Sara (Sanna Sundqvist) está grávida de 8 meses. Ela é uma mulher comum, mãe de um menino, e, certo dia, é surpreendida por seu marido, Daniél (Mattias Ramos), que pede para dar um tempo na relação e decide dormir sozinho porque precisa pensar. No dia seguinte, depois de dormir na sala, Sara encontra Daniél morto no quarto do casal. Sem saber o que fazer e diante da perspectiva de ter que cuidar de uma criança pequena e estar prestes a dar luz à outra, Sara vai se deixando levar pelos acontecimentos e pelas interferências de sua sogra Helen (Ia Langhammer). Mas é no funeral de seu marido que sua irmã mais velha, Linda (Charlotta Bjorck, que é a cara da Eleven, de ‘Stranger Things’), que se identifica pelo gênero masculino, reaparece em sua vida e aos poucos passa a participar cada vez mais do cotidiano da pequena família, o que causa ciúmes em sua sogra. Dentre o acontecimento trágico do presente e ressentimentos antigos no passado, todos esses personagens repensarão suas vidas antes da nova criança nascer.

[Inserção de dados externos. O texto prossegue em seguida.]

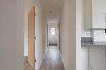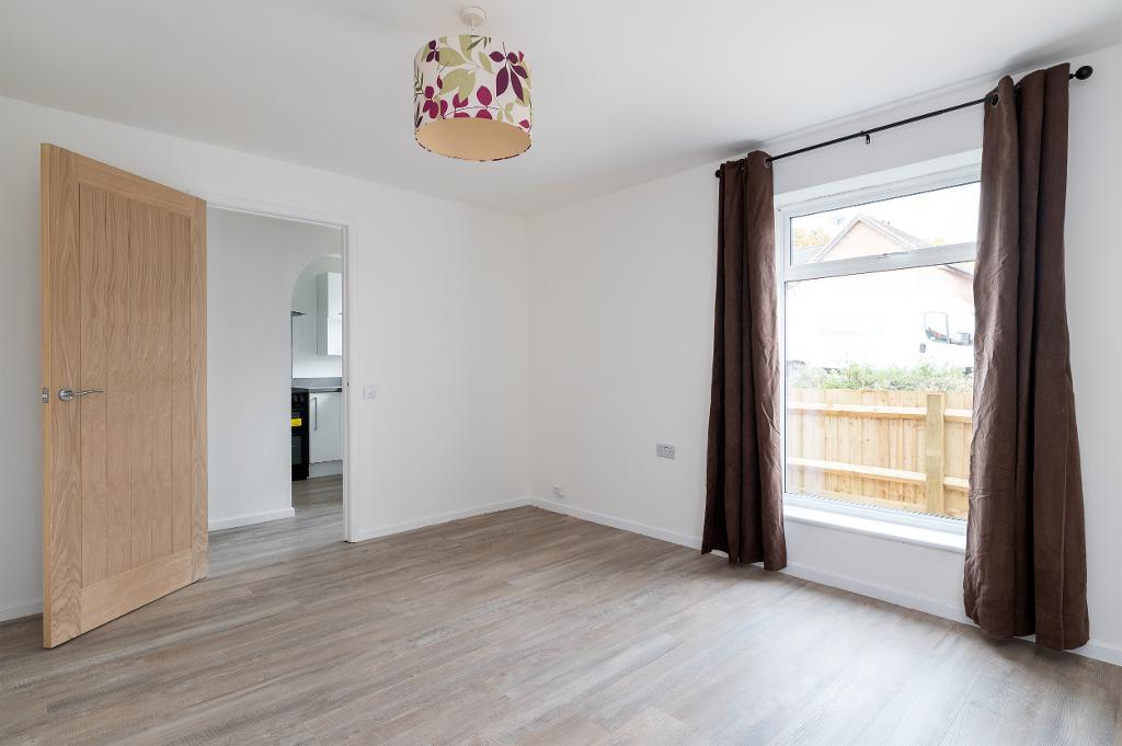 Upon entering the property, the entrance hall provides access to all principal rooms. The bright and spacious living room benefits from a large window that floods the space with natural light, complemented by crisp white décor and elegant LVT flooring.
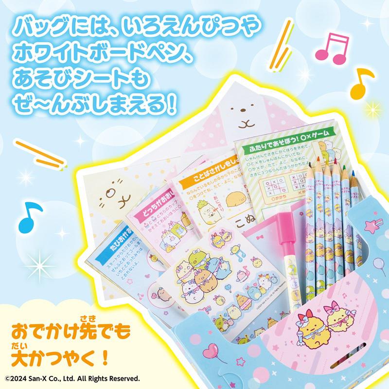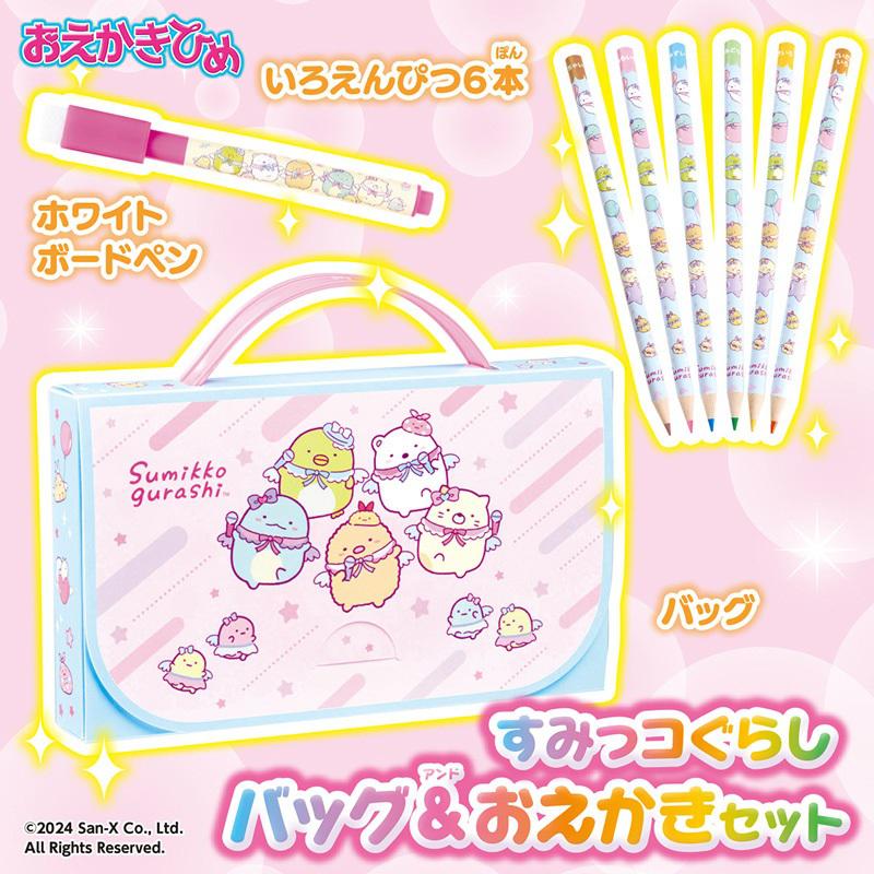 アイドル衣装に身を包んだすみっコたちがかわいい、『おえかきひめ』オリジナルデザインのバッグ&文具セットです。

Em uma hora e meia de duração, ‘Agradecimento e Desculpas’ é um drama estilo lavando a roupa suja, só que com pitadas de humor – e esse é o melhor acerto do filme. Em vez de carregar nos insultos, na dramaticidade, na intensidade dos eventos, o roteiro de Marie Osterbye propõe a pausa, deixando ao espectador a imaginação de todos os gritos, motivos, explicações, frustrações. Se por um lado isso suaviza o enredo, por outro dá uma sensação de que o filme corre com o freio de mão ativado, sem se permitir transbordar todas as emoções até chegar na catarse final – e, mesmo então, o faz com certa retenção.
Outro ponto interessante do filme de Lisa Aschan é a forma como trata a identificação de gênero, com bastante naturalidade (ponto o qual a tradução brasileira acompanhou, respeitando as escolhas originais e tratando o personagem Linda como tio Linda). A diretora debruça um olhar interessante sobre o cotidiano da protagonista grávida, mostrando-a independente, capaz de se abaixar, de levantar, subir e descer escadas; mesmo que com cuidados, a protagonista gerencia a própria casa permitindo-se uma espécie de luto interno, como que impossibilitada de externar qualquer tipo de sentimento (medo, raiva, tristeza, saudade) diante do turbilhão inacreditável em que sua vida se torna na reta final da gravidez.
‘Agradecimento e Desculpas’ é um filme interessante para assistir nessas últimas horas de 2023. É sobre agradecer e se desculpar, mesmo pelas coisas antigas, mesmo sobre coisas que nem se lembrava de ter ocorrido. Uma mensagem interessante para encerrar bem o ano e chegar em 2024 mais leve.